----- Material for this task

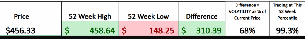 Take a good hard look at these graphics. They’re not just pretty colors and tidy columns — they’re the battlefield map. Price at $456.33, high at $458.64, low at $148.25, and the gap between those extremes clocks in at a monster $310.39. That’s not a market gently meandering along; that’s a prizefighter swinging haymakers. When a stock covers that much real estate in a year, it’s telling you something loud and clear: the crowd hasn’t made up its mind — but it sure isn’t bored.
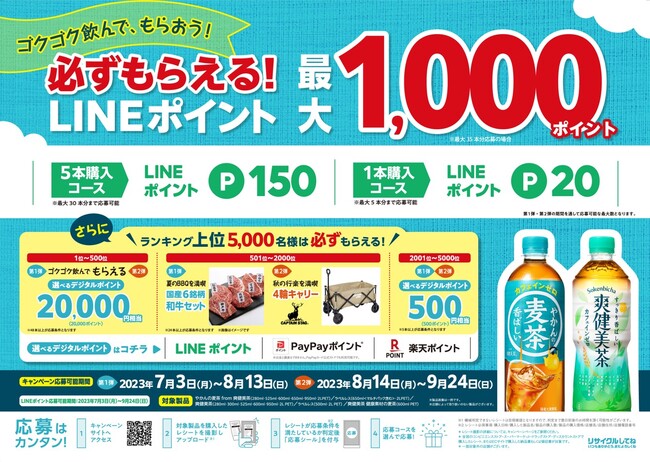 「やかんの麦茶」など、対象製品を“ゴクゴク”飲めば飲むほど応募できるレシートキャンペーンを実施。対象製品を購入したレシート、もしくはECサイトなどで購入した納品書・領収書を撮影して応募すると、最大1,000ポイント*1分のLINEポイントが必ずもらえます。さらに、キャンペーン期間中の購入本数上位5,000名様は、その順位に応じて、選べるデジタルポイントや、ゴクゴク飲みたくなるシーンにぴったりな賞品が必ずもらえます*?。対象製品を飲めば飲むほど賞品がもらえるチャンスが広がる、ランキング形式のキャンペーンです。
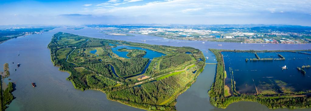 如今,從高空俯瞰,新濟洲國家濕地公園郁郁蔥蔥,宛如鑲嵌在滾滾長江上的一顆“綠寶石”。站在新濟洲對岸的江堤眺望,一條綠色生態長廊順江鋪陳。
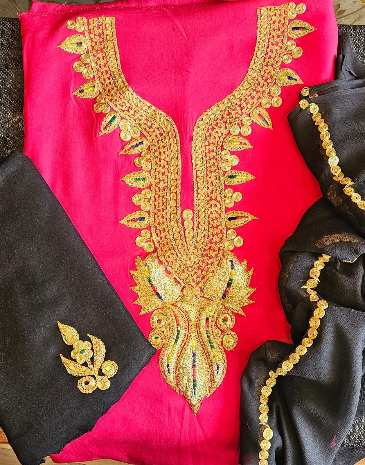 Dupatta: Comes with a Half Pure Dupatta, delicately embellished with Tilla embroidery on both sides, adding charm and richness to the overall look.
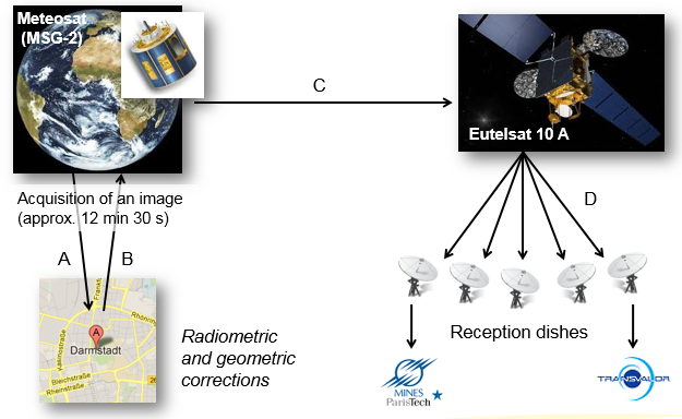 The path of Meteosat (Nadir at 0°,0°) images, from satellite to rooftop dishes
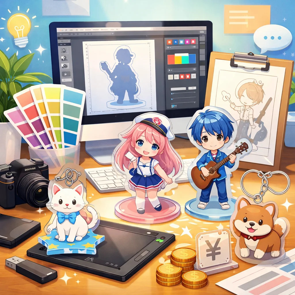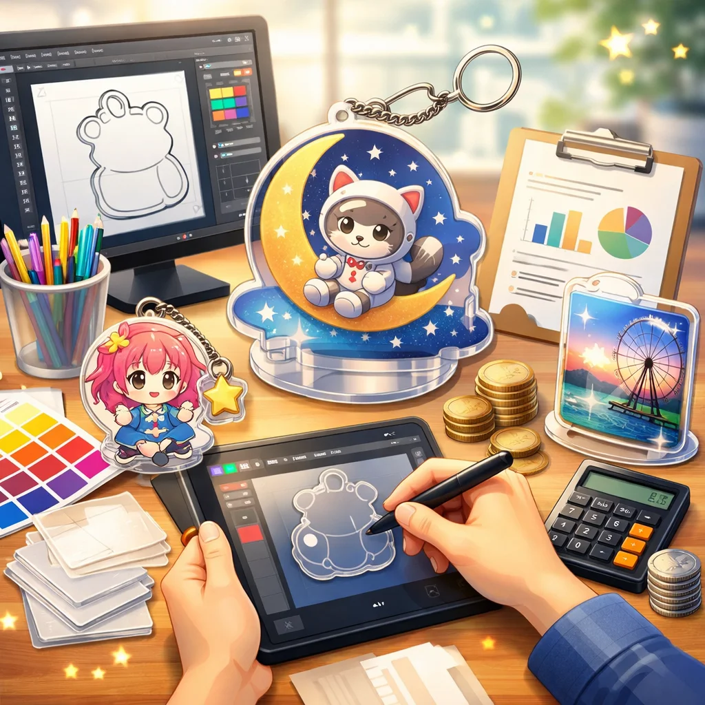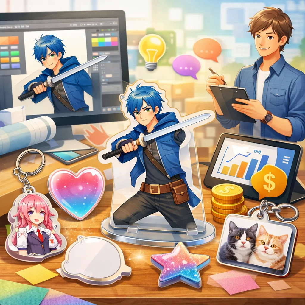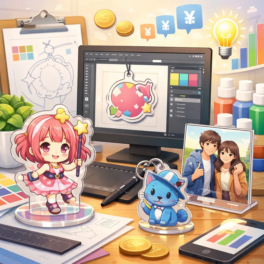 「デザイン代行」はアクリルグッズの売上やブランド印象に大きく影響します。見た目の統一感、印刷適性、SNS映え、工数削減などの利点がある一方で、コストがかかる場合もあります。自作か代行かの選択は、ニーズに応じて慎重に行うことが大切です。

----------

◆ **To do**:
The copy you produce must match the entries above exactly, except that it has no pictures.

◆ **Solution to this exercise**:
 Take a good hard look at these graphics. They’re not just pretty colors and tidy columns — they’re the battlefield map. Price at $456.33, high at $458.64, low at $148.25, and the gap between those extremes clocks in at a monster $310.39. That’s not a market gently meandering along; that’s a prizefighter swinging haymakers. When a stock covers that much real estate in a year, it’s telling you something loud and clear: the crowd hasn’t made up its mind — but it sure isn’t bored.
 「やかんの麦茶」など、対象製品を“ゴクゴク”飲めば飲むほど応募できるレシートキャンペーンを実施。対象製品を購入したレシート、もしくはECサイトなどで購入した納品書・領収書を撮影して応募すると、最大1,000ポイント*1分のLINEポイントが必ずもらえます。さらに、キャンペーン期間中の購入本数上位5,000名様は、その順位に応じて、選べるデジタルポイントや、ゴクゴク飲みたくなるシーンにぴったりな賞品が必ずもらえます*?。対象製品を飲めば飲むほど賞品がもらえるチャンスが広がる、ランキング形式のキャンペーンです。
 如今,從高空俯瞰,新濟洲國家濕地公園郁郁蔥蔥,宛如鑲嵌在滾滾長江上的一顆“綠寶石”。站在新濟洲對岸的江堤眺望,一條綠色生態長廊順江鋪陳。
 Dupatta: Comes with a Half Pure Dupatta, delicately embellished with Tilla embroidery on both sides, adding charm and richness to the overall look.
 The path of Meteosat (Nadir at 0°,0°) images, from satellite to rooftop dishes
 「デザイン代行」はアクリルグッズの売上やブランド印象に大きく影響します。見た目の統一感、印刷適性、SNS映え、工数削減などの利点がある一方で、コストがかかる場合もあります。自作か代行かの選択は、ニーズに応じて慎重に行うことが大切です。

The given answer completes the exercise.